You look at every element once (or a fixed number of times). Finding the max in an unsorted array. Summing a list. Any single pass through the data.

def find_max(arr):
    result = arr[0]
    for x in arr:
        if x > result:
            result = x
    return result

O(n log n) — Linearithmic

This is the sweet spot for comparison-based sorting. Merge sort, quicksort (average case), heapsort. You can't sort faster than this with comparisons alone — that's a proven lower bound.

Also shows up in algorithms that do a linear scan for each level of a divide-and-conquer recursion.

O(n^2) — Quadratic

Nested loops over the same data. Bubble sort, selection sort, checking all pairs. The brute-force solution to "two sum" (before you think of using a hash map).

# Brute force two sum — O(n^2)
def two_sum_brute(arr, target):
    for i in range(len(arr)):
        for j in range(i + 1, len(arr)):
            if arr[i] + arr[j] == target:
                return [i, j]

For n = 10,000, that's 100 million operations. You'll feel the slowdown.

O(2^n) — Exponential

The problem doubles with each additional input element. Naive recursive Fibonacci. Generating all subsets. Brute-forcing the traveling salesman.

# Naive Fibonacci — O(2^n), don't actually do this
def fib(n):
    if n <= 1:
        return n
    return fib(n - 1) + fib(n - 2)

For n = 40, this takes over a billion calls. For n = 50, you'll be waiting a while.

Things People Get Wrong

"Drop the constants" doesn't mean constants don't matter. Big-O drops them because it's describing asymptotic behavior. In your actual code, an O(n) algorithm with 10x the constant factor of another O(n) algorithm is 10x slower. Profile your code, don't just count Big-O classes. Big-O is the worst case... sometimes. When someone says "quicksort is O(n log n)," they usually mean the average case. Worst case is O(n^2). When someone says "hash table lookup is O(1)," they mean amortized — worst case is O(n) due to collisions. Context matters. Ask which case is being described. Space complexity exists too. An algorithm that runs in O(n) time but uses O(n^2) space might be worse than one that runs in O(n^2) time with O(1) space, depending on your constraints. Don't ignore memory.

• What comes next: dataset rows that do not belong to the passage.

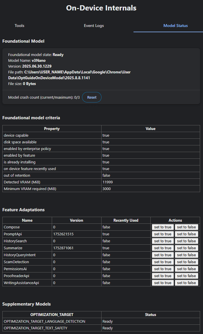 In chrome://on-device-internals/ you can see the status of your model (you may first have to first enable internal debugging pages via chrome://chrome-urls/) but it’ll guide you if you need that.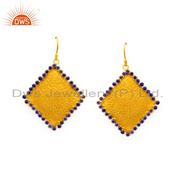24K Yellow Gold Plated Sterling Silver Lapis Lazuli Gemstone Dangle Earrings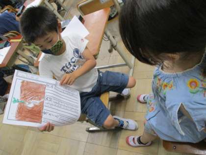 2年生は国語科の「たんぽぽのちえ」で学習した「ちえ」と「わけ」を,次は自分で,本で違う植物について調べました。そして調べたことをちえカードにまとめました。今日はその交流を行いました。ペアで交流したときは,ちえカードを友達に見せながら「ちえ」と「わけ」と「自分の思ったこと」を話しました。子どもたちは自分の調べた植物とは違う植物だったので,真剣に友達の話を聞いていました。感想もきちんと伝えていました。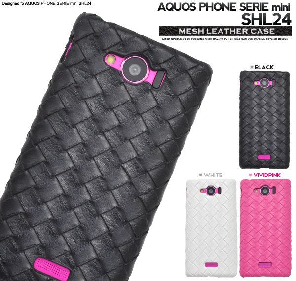 スタイリッシュなメッシュレザーデザインのAQUOS PHONE SERIE mini SHL24用ケース 衝撃やキズ、埃などからしっかりとAQUOS PHONE SERIE miniを守ります。 カメラはもちろん、イヤホンや各種ボタンなどをケースに入れたまま操作可能です! ブラック、ホワイト、ビビットピンクの3色展開です。 ※ライセンス商品ではありません。 ※AQUOS PHONE SERIE mini SHL24は付属しません。 |
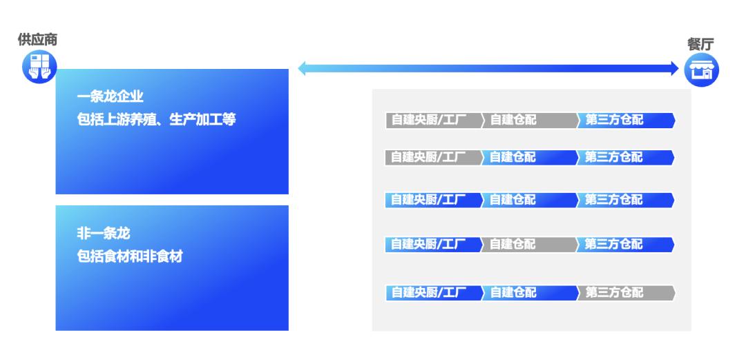 目前市场可将餐饮供应链粗略分为两种,一是传统的供应链部门,二是成熟的供应链公司。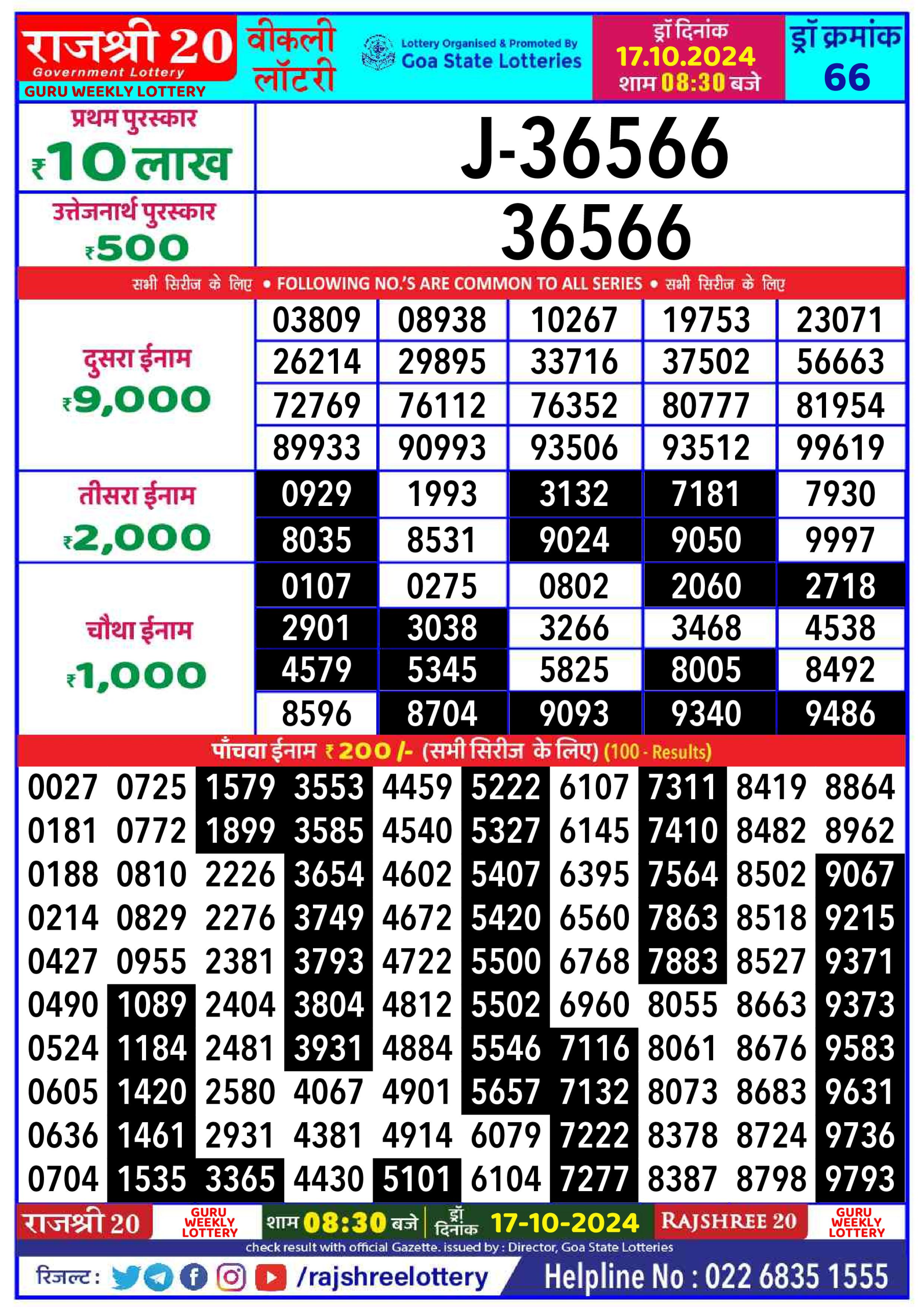 Rajshree 20  weekly 8:30pm Lottery result 17.10.24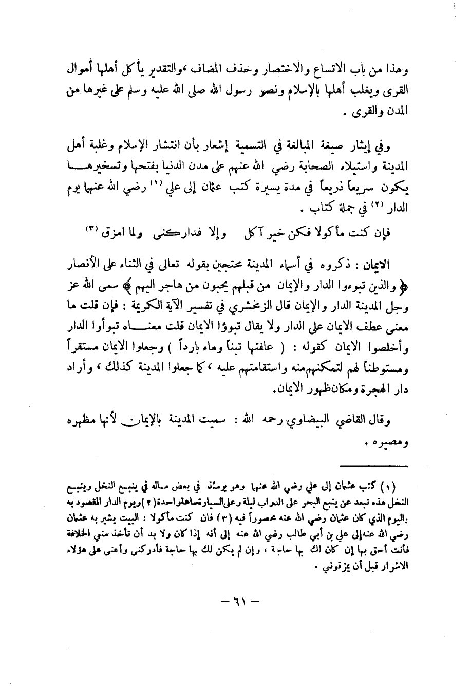 وقال القاضي البيضاوي رحمه الله: سميت المدينة بالايمان لأنها مظهره ومصيره.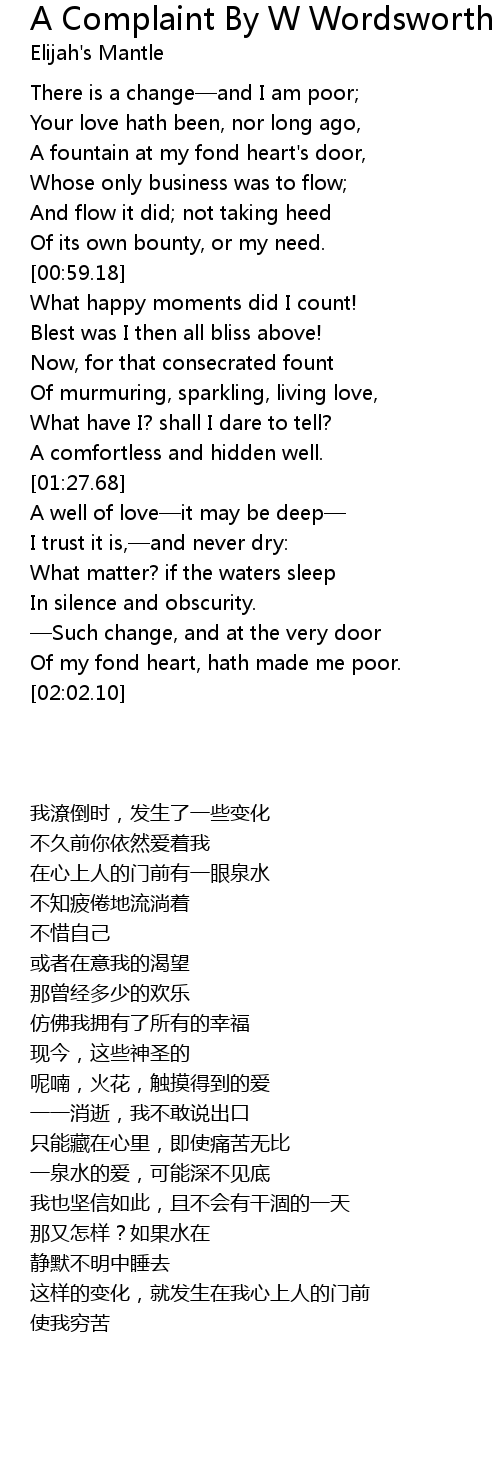 | [01:58.10] | Of my fond heart, hath made me poor. |

Why This Matters Beyond Interviews

In interviews, Big-O is how you justify your approach. "This runs in O(n log n) because we sort first, then do a linear scan" — that's the language interviewers expect.

In production, it's about predicting scaling behavior. Your endpoint handles 1,000 users fine today. What happens at 100,000? If your core algorithm is O(n^2), you've got a problem. If it's O(n log n), you're probably fine.

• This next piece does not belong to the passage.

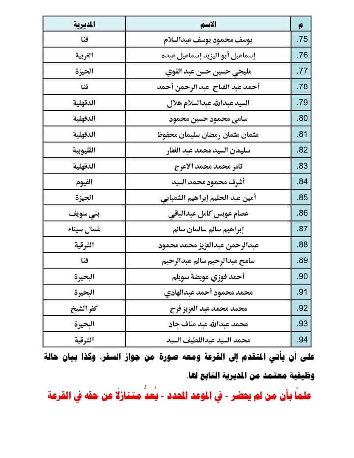 وتجرى القرعة في تمام الساعة الحادية عشرة صباحًا، علمًا بأنه تم تخصيص خمس تأشيرات لمن هم في سن التاسعة والخمسين أو الستين لعدم تكرار الفرصة في حقهم مرة أخرى، وعشر تأشيرات للمتقدمين دون مرافق، وعشر تأشيرات أخرى للمتقدمين بمرافقين، وهم كالتالي:
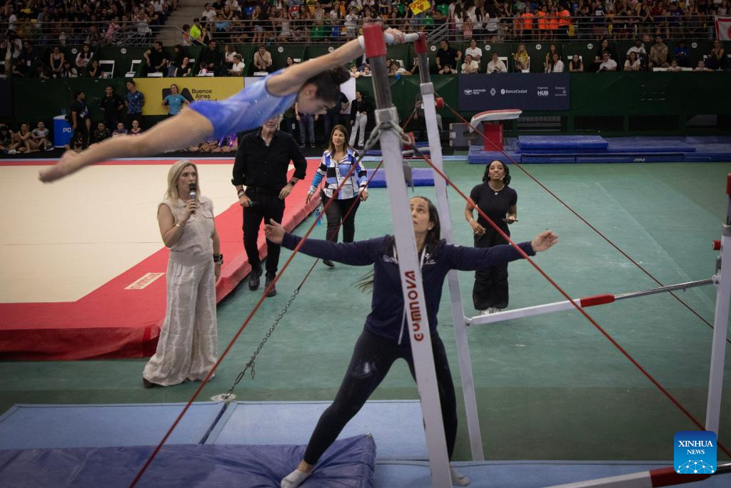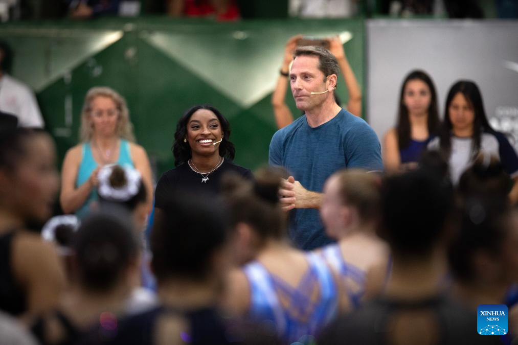 BUENOS AIRES, 10 octubre, 2025 (Xinhua) -- Imagen del 9 de octubre de 2025 de la gimnasta estadounidense, Simone Biles, participando durante una clínica de gimnasia en el estadio Mary Terán de Weiss, en la ciudad de Buenos Aires, capital de Argentina. (Xinhua/Martín Zabala)

The real skill isn't memorizing which class each algorithm belongs to — it's being able to look at a piece of code and reason about how it scales. That takes practice. CodeUp has problems specifically designed to build this intuition, where you can test your solutions against increasingly large inputs and see the complexity differences firsthand.

Quick Reference

ComplexityNameExamplen=1000 ops (approx)
O(1)ConstantHash lookup1
O(log n)LogarithmicBinary search10
O(n)LinearArray scan1,000
O(n log n)LinearithmicMerge sort10,000
O(n^2)QuadraticNested loops1,000,000
O(2^n)ExponentialAll subsetsGood luck
Get comfortable with these, and you'll be able to estimate the feasibility of any approach in seconds. That's the whole point.